This racial marking was also likely facilitated by how people naturally listen and respond to voices. As Nina Sun Eidsheim notes in The Race of Sound, “voices heard are ultimately identified, recognized, and named by listeners at large. In hearing a voice, one also brings forth a series of assumptions about the nature of voice” (12). This series of assumptions, Eidsheim asserts in “The Voice as Action,” is inflected by the “multisensory context” surrounding a given voice, i.e., “a composite of visual, textural, discursive, and other kinds of information” (9). While we imagine our impressions of voices as uniquely meaningful, “we cannot but perceive [them] through filters generated by our own preconceptions” (10). As a result, listening is never a neutral or truly objective practice.

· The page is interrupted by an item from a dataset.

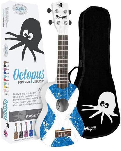 The Octopus Flag Series Soprano Ukulele - Scottish Saltire combines the vibrant spirit of Scottish heritage with the joyful sound of the ukulele. Perfect for beginners and seasoned musicians alike, this ukulele offers a fun and exciting way to express your love for Scotland while enjoying the ease and playability of a soprano ukulele.

For many consumers, these filters are informed by what Jennifer Lynn Stoever terms the sonic color line, “a socially constructed boundary that racially codes sonic phenomena such as vocal timbre, accents, and musical tones” (11). Where the racial color line allows white people to separate themselves from Black people on the basis of visual and behavioral differences, the sonic color line allows people “to construct and discern racial identities based on voices, sounds, and particular soundscapes” and to assign nonwhite voices with “differential cultural, social, and political value” (11). In the U.S., the sonic color line operates in tandem with the American listening ear, which “normalizes the aural tastes and standards of white elite masculinity as the singular way to interpret sonic information” (13)  and therefore marks-as-Other not only the voices and bodies of Black people, but also those of non-males and the non-elite.

Voice bubble from 1940’s print ad for Aunt Jemima Pancake mix: the sonic color line in sight and sound.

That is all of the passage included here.